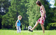 My son plays ball with me.
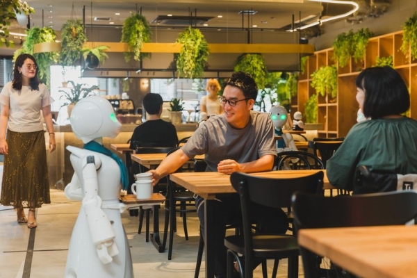 [遠隔勤務来店が可能な「分身ロボットカフェDAWN ver.β」と分身ロボットOriHime]
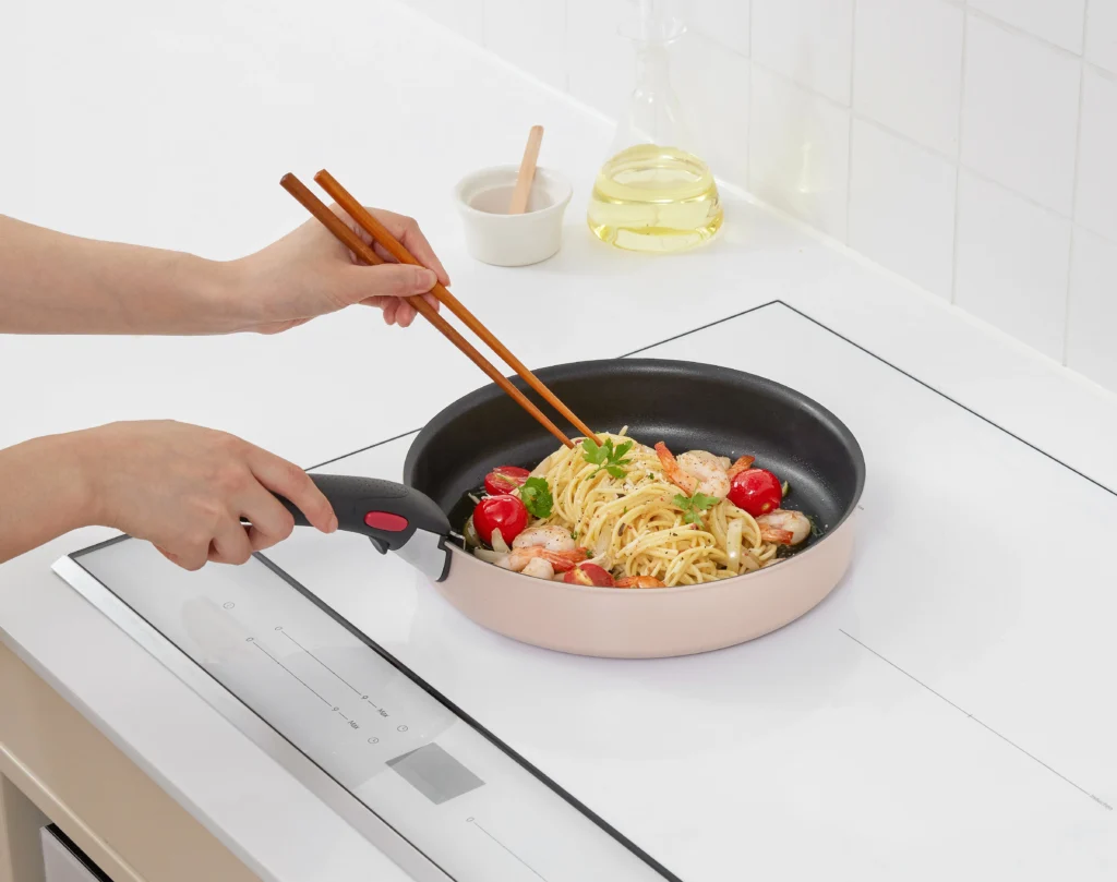테팔 매직핸즈의 손잡이는 한 손으로도 손쉽게 탈부착이 가능해, 여러 팬을 번갈아 사용할 때도 번거로움이 없습니다. 조리 중에는 안정적으로 사용할 수 있고, 완성 후에는 손잡이를 분리해 그릇처럼 플레이팅 할 수 있어 테이블 연출에 잘 어울립니다.
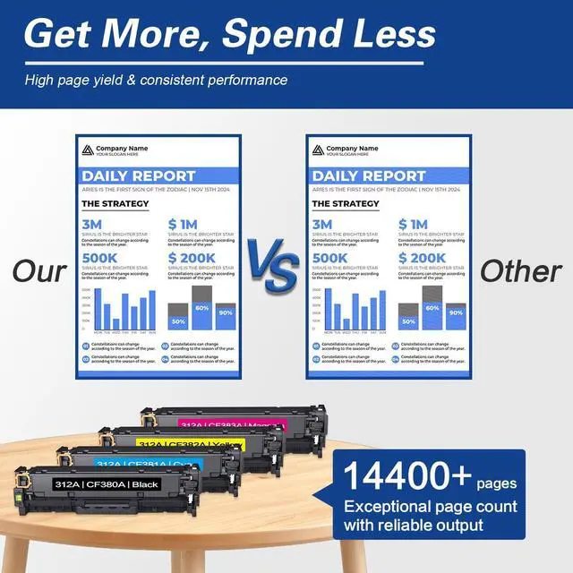 High Page Yield: 4800 Pages for each 312A Black toner, Up to 3,200 Pages for each 312A Color toner (based on 5% Coverage per A4 paper)
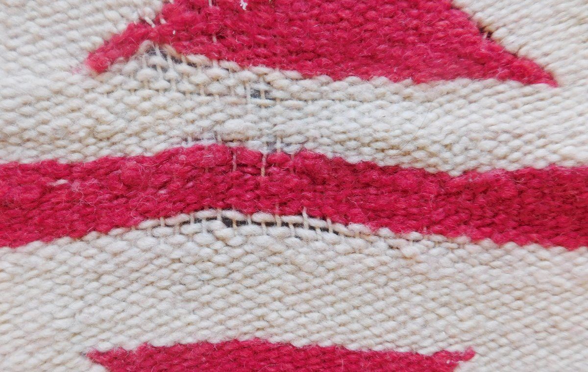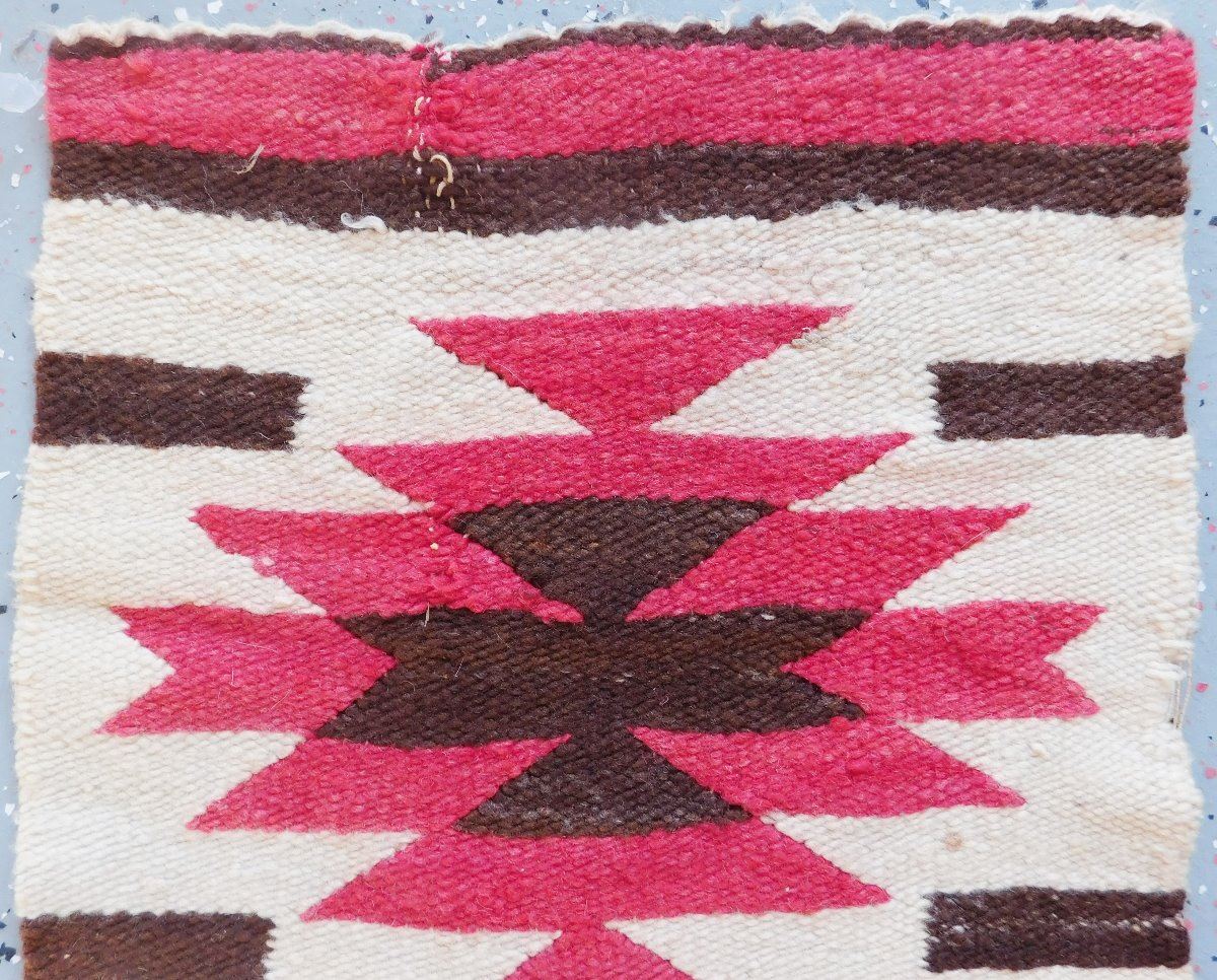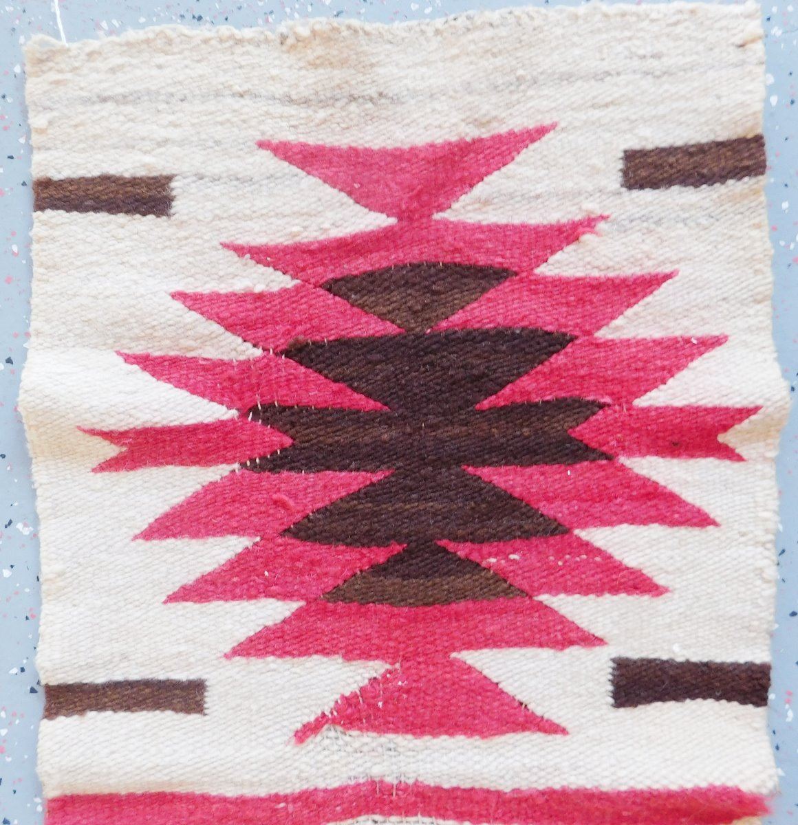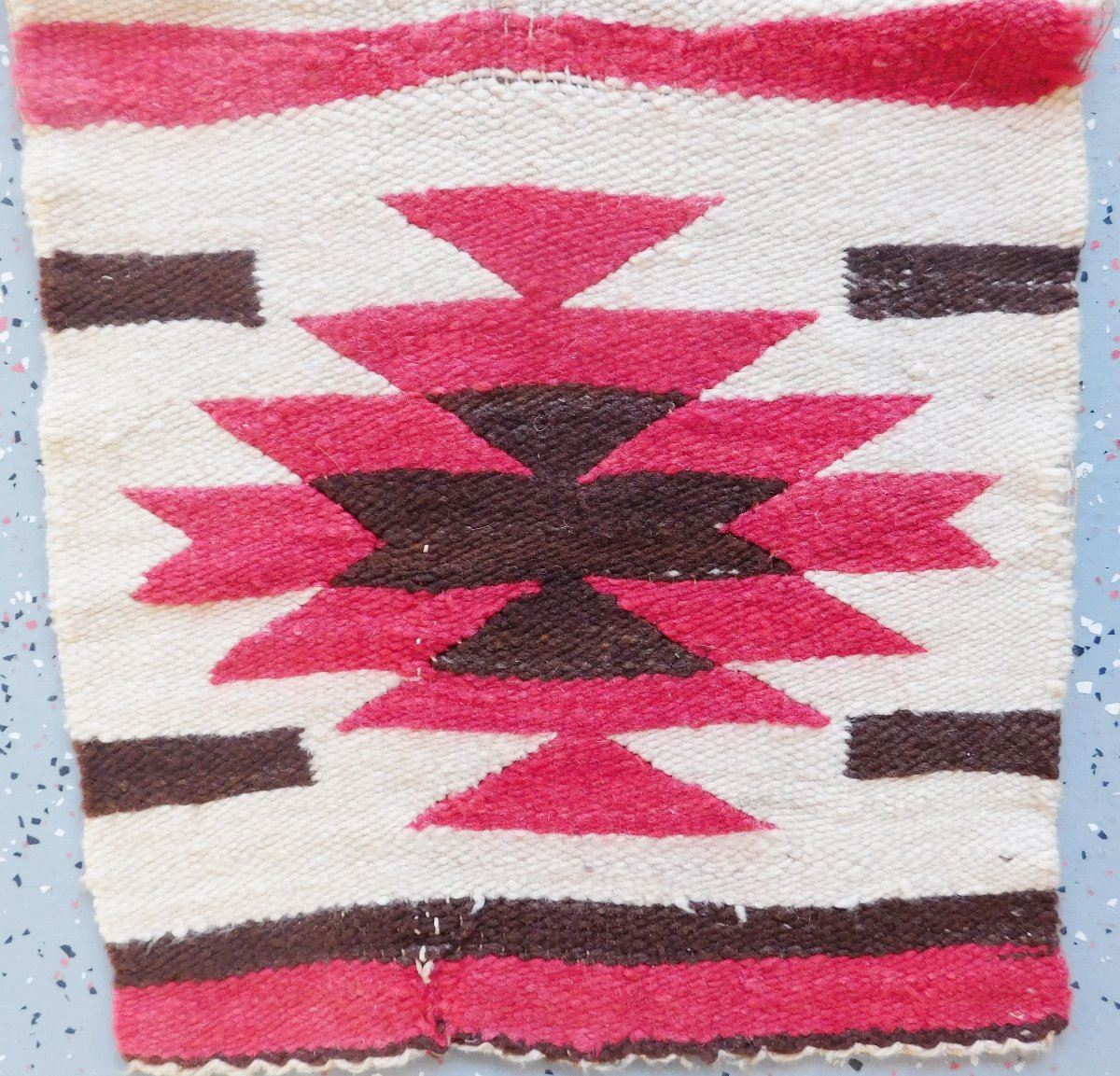 Navajo Saddle Blanket, circa 1940s. Made of wool and dye, the item is 33" x 16". New Mexico, Gallup. Nice looking weaving. Condition: Some wear, see images. Shipping: $20.00 w/insurance and signature.
---------------
* BRIEF:
Could you copy all of the entries above exactly, without the pictures?

* REPLY TO THE EXERCISE:
 My son plays ball with me.
 [遠隔勤務来店が可能な「分身ロボットカフェDAWN ver.β」と分身ロボットOriHime]
테팔 매직핸즈의 손잡이는 한 손으로도 손쉽게 탈부착이 가능해, 여러 팬을 번갈아 사용할 때도 번거로움이 없습니다. 조리 중에는 안정적으로 사용할 수 있고, 완성 후에는 손잡이를 분리해 그릇처럼 플레이팅 할 수 있어 테이블 연출에 잘 어울립니다.
 High Page Yield: 4800 Pages for each 312A Black toner, Up to 3,200 Pages for each 312A Color toner (based on 5% Coverage per A4 paper)
 Navajo Saddle Blanket, circa 1940s. Made of wool and dye, the item is 33" x 16". New Mexico, Gallup. Nice looking weaving. Condition: Some wear, see images. Shipping: $20.00 w/insurance and signature.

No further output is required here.